Exercise input »
----
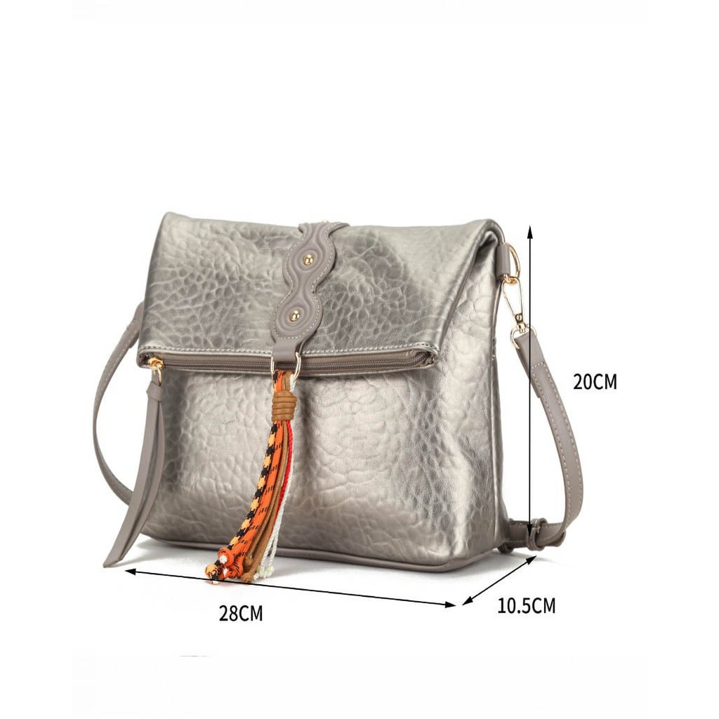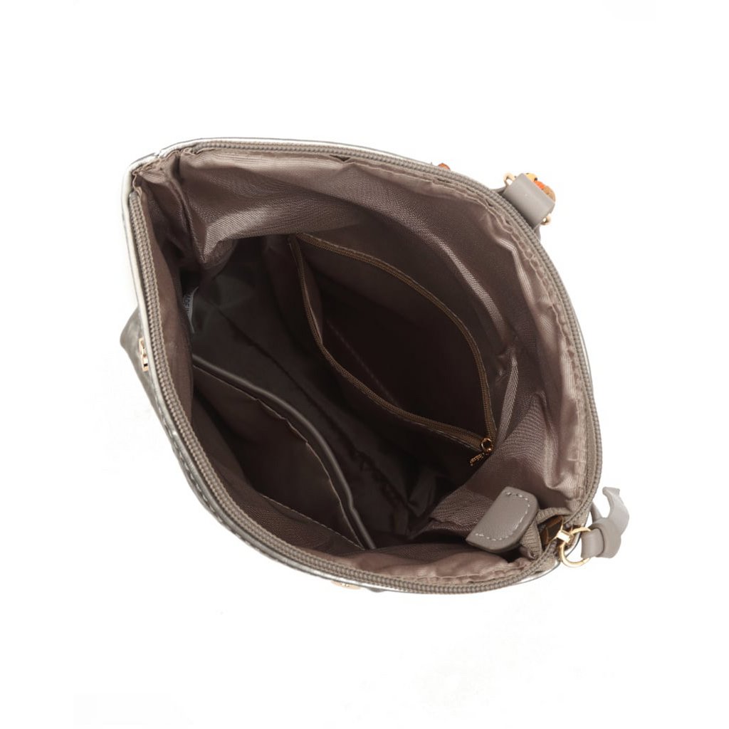 Materiaal : Kunstleer Sluiting : Ritssluiting Afmeting : 28 cm x 20 cm x 10,5 cm Voering : Ja Afwerking : Goudkleurig metaal Schouderband : Ja, verstelbaar en afneembaar
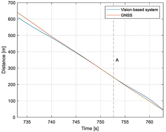 Distance from the runway: Flight no. 3 (marker A corresponds to the moment of recording the images in Figure 13.
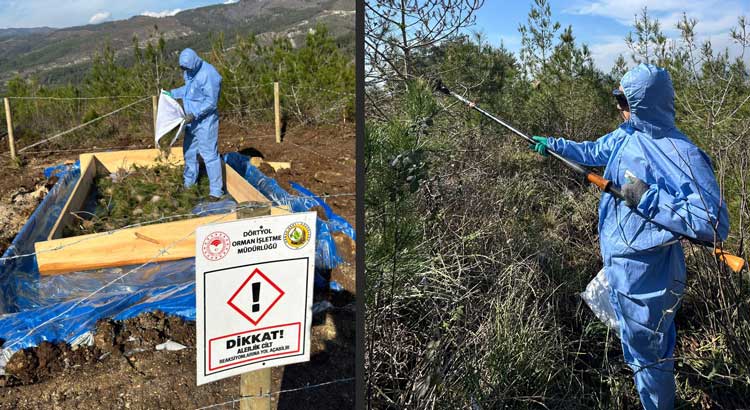 Ağaçlarda büyüme kaybına ve ciddi yaprak zararına neden olan çam kese böceğine karşı 279 hektarlık alanda ‘adacık yöntemi’ ile mücadele eden ekipler, zararlının yoğun olduğu alanlarda noktasal ve kontrollü biyolojik uygulamalar gerçekleştirdi.
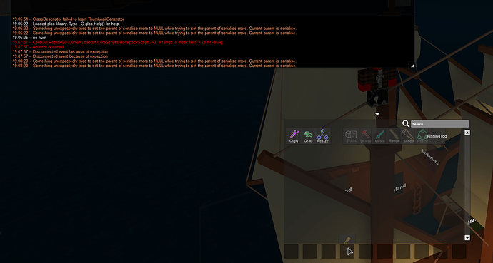 For the past 1-2 days, I’ve experienced the backpack bugging, showing a tool in slot 4 as if it was in 0, and when dragging it to slot 0, it got hotkey 10. Just now, when I joined a server at this place, I couldn’t drag down tools from the inventory frame to the backpack tool bar. :?
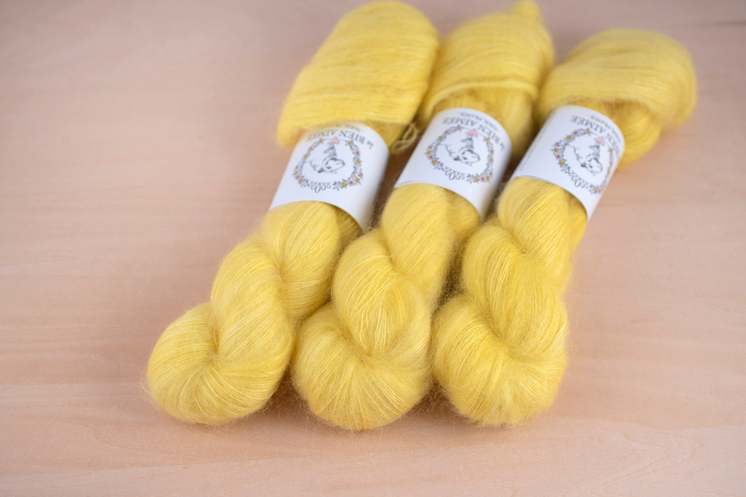 Soyeuxはフランス語で「絹のような」という意味。64%キッドモヘア、36%シルクのふんわりとした質感が特長のレースウェイトヤーンです。
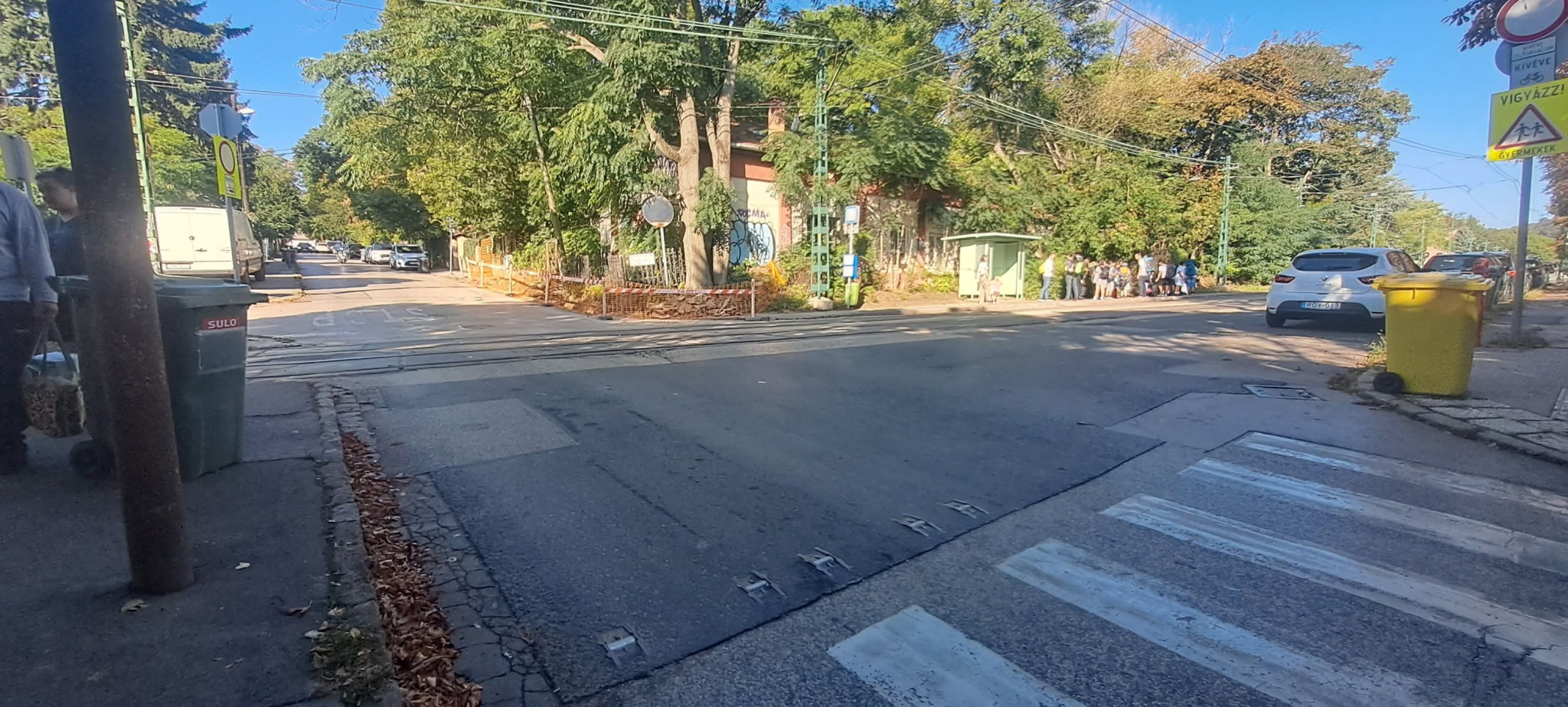 Sajnálatos módon vettük észre szülőkkel, már ezen az első iskolai napon, hogy a Vadaskerti út/Völgy/ Alsóvölgy utca forgalmas kereszteződésben továbbra sem született megoldás a biztonságos átkelés érdekében. A járdai közlekedést egy elég szerencsétlenül mostanra időzített közműépítés is megnehezíti a villamosmegálló sarkán.
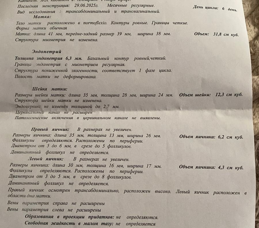 Я сделала УЗИ на 6 д.ц. Отклонений никаких нет. Полипы/кисты/миомы/СПКЯ/энодометриоза - нет, и слава богу 😅
----
Leave the pictures out and please restate exactly the lines running from the start of the material through the one with "Distance from the".

Written response »
 Materiaal : Kunstleer Sluiting : Ritssluiting Afmeting : 28 cm x 20 cm x 10,5 cm Voering : Ja Afwerking : Goudkleurig metaal Schouderband : Ja, verstelbaar en afneembaar
 Distance from the runway: Flight no. 3 (marker A corresponds to the moment of recording the images in Figure 13.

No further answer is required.